The X-ray fiber diagrams obtained for the uniaxially oriented ET-C4F9 (0.8%) sample at various temperatures (the heating process).

Figure 2

The temperature dependence of the X-ray equatorial line profile of the uniaxially oriented ET-C4F9 (0.8%) sample, as identified from Figure 1. The Mo-Kα line was used as the incident X-ray beam.

Figure 3

The temperature dependence of the lattice spacing and the diffraction intensity estimated for several X-ray equatorial reflections of the uniaxially oriented ET-C4F9 (0.8%) sample.

Figure 4

The X-ray fiber diagrams obtained for the uniaxially oriented ET-CF3 (2.7%) sample at various temperatures (the heating process).

Figure 5

The temperature dependence of the X-ray equatorial line profiles of the uniaxially oriented ET-CF3 (2.7%) and ET-CF3 (4.6%) samples. The Mo-Kα line was used as the incident X-ray beam.

Figure 6

The temperature dependence of the lattice spacings estimated for several X-ray equatorial reflections of the uniaxially oriented ET-CF3 (2.7%) and ET-CF3 (4.6%) samples.

Polarized infrared spectra

As already reported for the ETFE two-component copolymers, at lower temperatures, the trans-zigzag chains experienced the conformational disorder above the transition point, through the partially occurring trans-gauche (TG) exchange.⁶ The temperature-dependent polarized infrared spectroscopic measurements were carried out on the uniaxially oriented samples.
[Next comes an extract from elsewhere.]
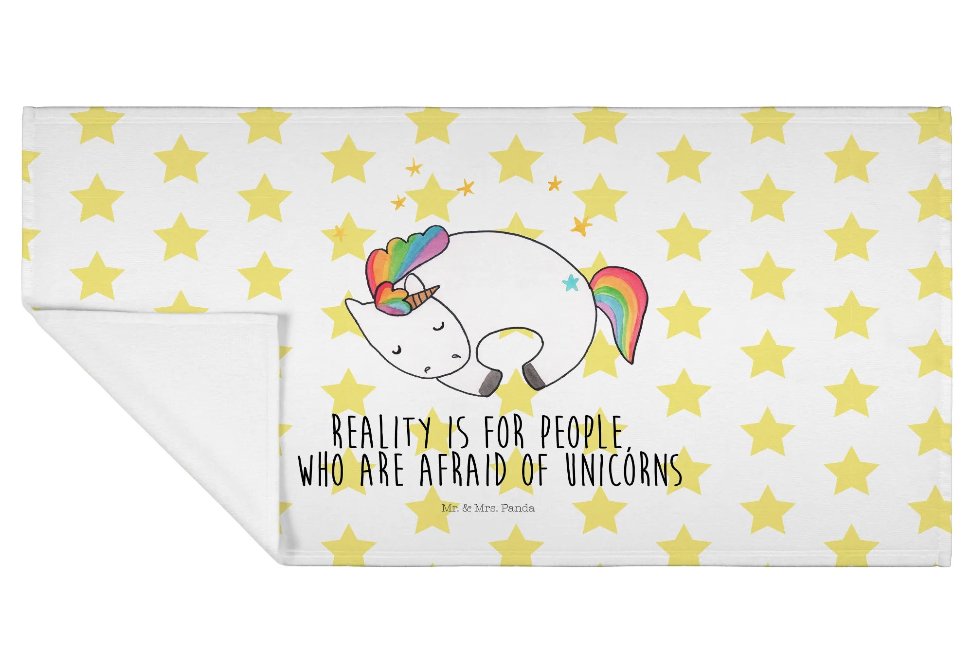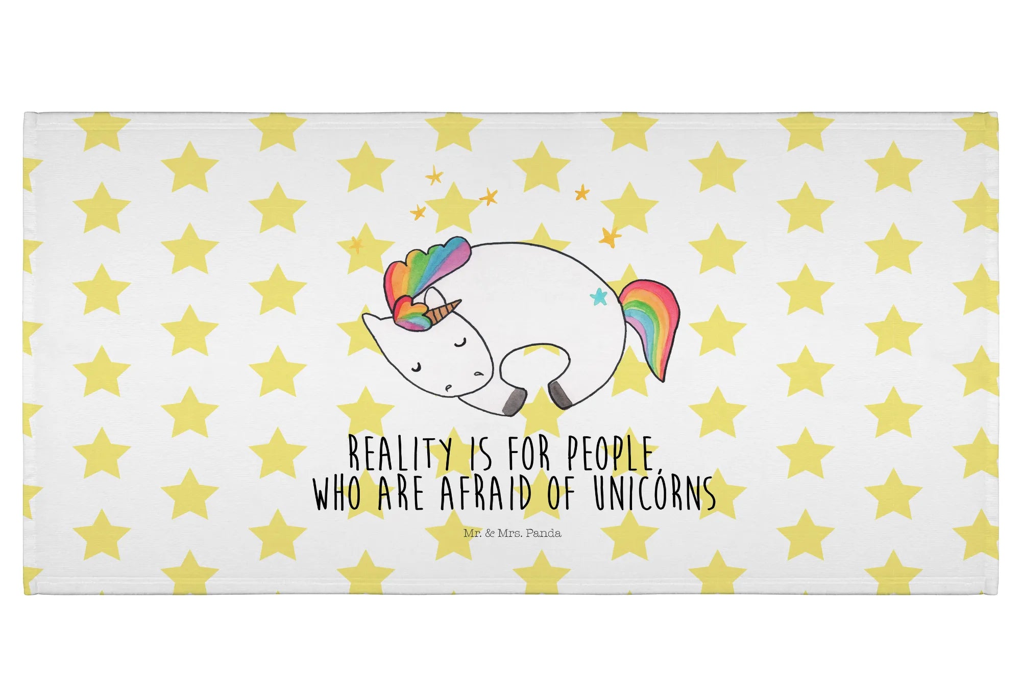 Entdecke das perfekte Gästehandtuch Einhorn Nacht von Mr. & Mrs. Panda! Dieses niedliche Handtuch ist mehr als nur ein einfaches Badetuch – es ist ein zauberhaftes Statement für alle Einhorn-Liebhaber. Mit einem süßen, träumenden Einhorn motiviert es dazu, die Realität hinter sich zu lassen und in die Welt der Fantasie einzutauchen. Die kreative Botschaft "Die Realität ist was für Menschen, die Angst vor Einhörnern haben." bringt jeden dazu, mit einem Lächeln das Gästehandtuch zu benutzen.

For example, Figure 7 shows the polarized infrared spectra gathered for ET-C4F9(0.8%) at the various temperatures in the heating process. In Figure 8, the bands at 638 and 648 cm⁻¹, assigned to the trans-trans conformer, decreased in intensity at approximately the phase-transition point. The band at 643 cm⁻¹ was assigned to the TG form and increased in intensity with increasing temperature. The absorbance of these bands is plotted against temperature in comparison with the wide-angle X-ray diffraction lattice spacing data (Figure 9), where the band profiles in the frequency region 630–660 cm⁻¹ were separated into three components (two trans-trans bands and one TG band) using the software Grams/AI 8. The whole profile of the polarized infrared spectra was not significantly altered, indicating that the all-trans conformation is nearly maintained above the phase-transition temperature, but the TG conformational exchange was detected in the transition process, indicating the occurrence of some degree of chain conformational disorder. The CH₂ scissoring band at 1453 cm⁻¹ was reported to be sensitive to the thermal motion of the molecular chain.⁶ The half-width of this band is plotted against the temperature, as presented in Figure 9. The half-width increased with increasing temperature, indicating an enhancement of the thermally activated rotational motion of the molecular chains in the crystal lattice. The TG conformational exchange is considered to be coupled with this type of whole-chain thermal motion.

Figure 7

The temperature dependence of the polarized infrared spectra measured for the uniaxially oriented ET-C4F9 (0.8%) sample. The solid and broken lines represent the spectra taken with the electric vector of the incident infrared beam parallel and perpendicular to the orientation direction, respectively.

Figure 8

The temperature dependence of the polarized infrared spectra (parallel component) measured for the uniaxially oriented ET-C4F9(0.8%) sample in the range of 600–670 cm⁻¹.

Figure 9

The temperature dependence of the infrared absorbance of the trans-gauche (TG) and trans-trans (TT) bands, the half-width of the 1453 cm⁻¹ band and the wide-angle X-ray diffraction (WAXD) lattice spacing estimated for the uniaxially oriented ET-C4F9 (0.8%) sample.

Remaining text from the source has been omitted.